● Problem requirements: Retype the data below exactly, skipping pictures.

● Data segment:
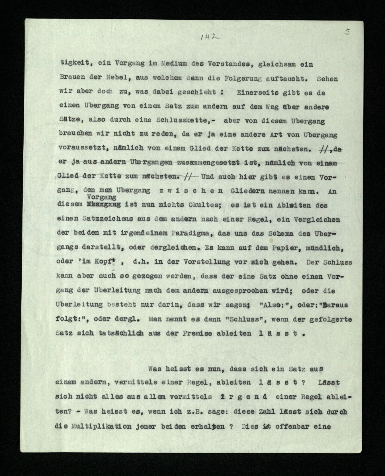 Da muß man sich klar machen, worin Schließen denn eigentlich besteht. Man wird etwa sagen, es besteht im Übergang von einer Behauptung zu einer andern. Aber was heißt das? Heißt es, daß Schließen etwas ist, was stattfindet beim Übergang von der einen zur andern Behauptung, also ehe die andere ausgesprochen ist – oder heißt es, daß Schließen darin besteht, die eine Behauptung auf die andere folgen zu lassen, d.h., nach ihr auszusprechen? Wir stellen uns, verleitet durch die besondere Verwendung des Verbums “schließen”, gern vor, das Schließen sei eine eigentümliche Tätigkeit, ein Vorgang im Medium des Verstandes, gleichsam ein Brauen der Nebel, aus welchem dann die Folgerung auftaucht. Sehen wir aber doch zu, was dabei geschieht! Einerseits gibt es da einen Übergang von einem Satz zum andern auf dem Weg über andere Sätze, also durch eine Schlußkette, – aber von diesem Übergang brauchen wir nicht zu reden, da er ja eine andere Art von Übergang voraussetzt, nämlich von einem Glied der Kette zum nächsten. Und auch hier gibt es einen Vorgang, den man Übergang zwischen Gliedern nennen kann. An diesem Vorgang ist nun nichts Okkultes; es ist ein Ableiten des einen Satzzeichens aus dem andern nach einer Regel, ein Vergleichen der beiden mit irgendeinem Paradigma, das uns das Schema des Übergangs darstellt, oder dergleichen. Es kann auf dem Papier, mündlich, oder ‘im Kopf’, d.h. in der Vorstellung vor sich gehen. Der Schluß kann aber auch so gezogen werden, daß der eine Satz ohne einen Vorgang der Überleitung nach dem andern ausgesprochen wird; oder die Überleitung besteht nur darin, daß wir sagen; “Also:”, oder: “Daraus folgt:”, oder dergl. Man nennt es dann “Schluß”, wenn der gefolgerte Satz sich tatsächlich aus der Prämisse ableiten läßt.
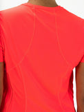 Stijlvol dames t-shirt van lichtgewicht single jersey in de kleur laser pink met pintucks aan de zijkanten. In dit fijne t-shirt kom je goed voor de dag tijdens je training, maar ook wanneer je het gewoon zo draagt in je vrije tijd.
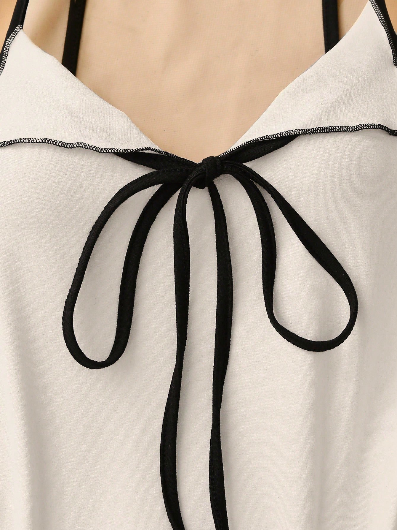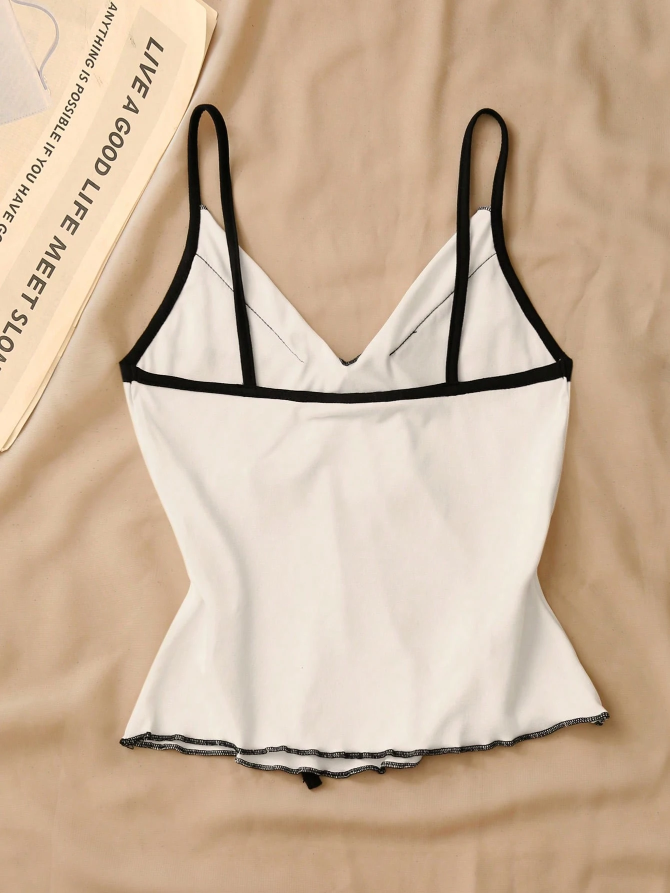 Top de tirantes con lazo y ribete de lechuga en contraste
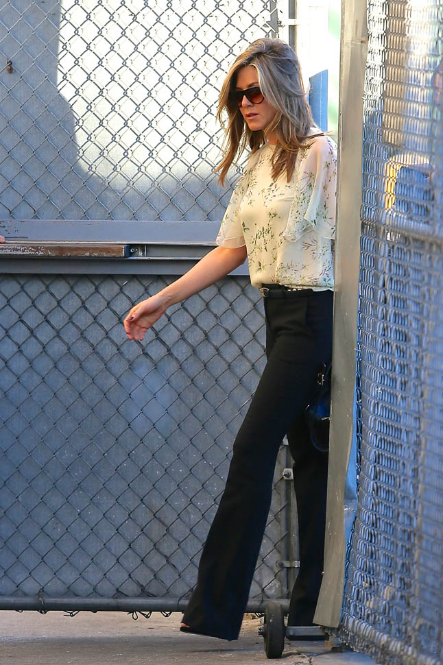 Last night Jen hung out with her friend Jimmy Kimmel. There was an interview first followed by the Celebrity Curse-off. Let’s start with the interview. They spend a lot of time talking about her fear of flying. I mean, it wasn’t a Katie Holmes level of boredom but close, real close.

● Result for this exercise:
 Da muß man sich klar machen, worin Schließen denn eigentlich besteht. Man wird etwa sagen, es besteht im Übergang von einer Behauptung zu einer andern. Aber was heißt das? Heißt es, daß Schließen etwas ist, was stattfindet beim Übergang von der einen zur andern Behauptung, also ehe die andere ausgesprochen ist – oder heißt es, daß Schließen darin besteht, die eine Behauptung auf die andere folgen zu lassen, d.h., nach ihr auszusprechen? Wir stellen uns, verleitet durch die besondere Verwendung des Verbums “schließen”, gern vor, das Schließen sei eine eigentümliche Tätigkeit, ein Vorgang im Medium des Verstandes, gleichsam ein Brauen der Nebel, aus welchem dann die Folgerung auftaucht. Sehen wir aber doch zu, was dabei geschieht! Einerseits gibt es da einen Übergang von einem Satz zum andern auf dem Weg über andere Sätze, also durch eine Schlußkette, – aber von diesem Übergang brauchen wir nicht zu reden, da er ja eine andere Art von Übergang voraussetzt, nämlich von einem Glied der Kette zum nächsten. Und auch hier gibt es einen Vorgang, den man Übergang zwischen Gliedern nennen kann. An diesem Vorgang ist nun nichts Okkultes; es ist ein Ableiten des einen Satzzeichens aus dem andern nach einer Regel, ein Vergleichen der beiden mit irgendeinem Paradigma, das uns das Schema des Übergangs darstellt, oder dergleichen. Es kann auf dem Papier, mündlich, oder ‘im Kopf’, d.h. in der Vorstellung vor sich gehen. Der Schluß kann aber auch so gezogen werden, daß der eine Satz ohne einen Vorgang der Überleitung nach dem andern ausgesprochen wird; oder die Überleitung besteht nur darin, daß wir sagen; “Also:”, oder: “Daraus folgt:”, oder dergl. Man nennt es dann “Schluß”, wenn der gefolgerte Satz sich tatsächlich aus der Prämisse ableiten läßt.
 Stijlvol dames t-shirt van lichtgewicht single jersey in de kleur laser pink met pintucks aan de zijkanten. In dit fijne t-shirt kom je goed voor de dag tijdens je training, maar ook wanneer je het gewoon zo draagt in je vrije tijd.
 Top de tirantes con lazo y ribete de lechuga en contraste
 Last night Jen hung out with her friend Jimmy Kimmel. There was an interview first followed by the Celebrity Curse-off. Let’s start with the interview. They spend a lot of time talking about her fear of flying. I mean, it wasn’t a Katie Holmes level of boredom but close, real close.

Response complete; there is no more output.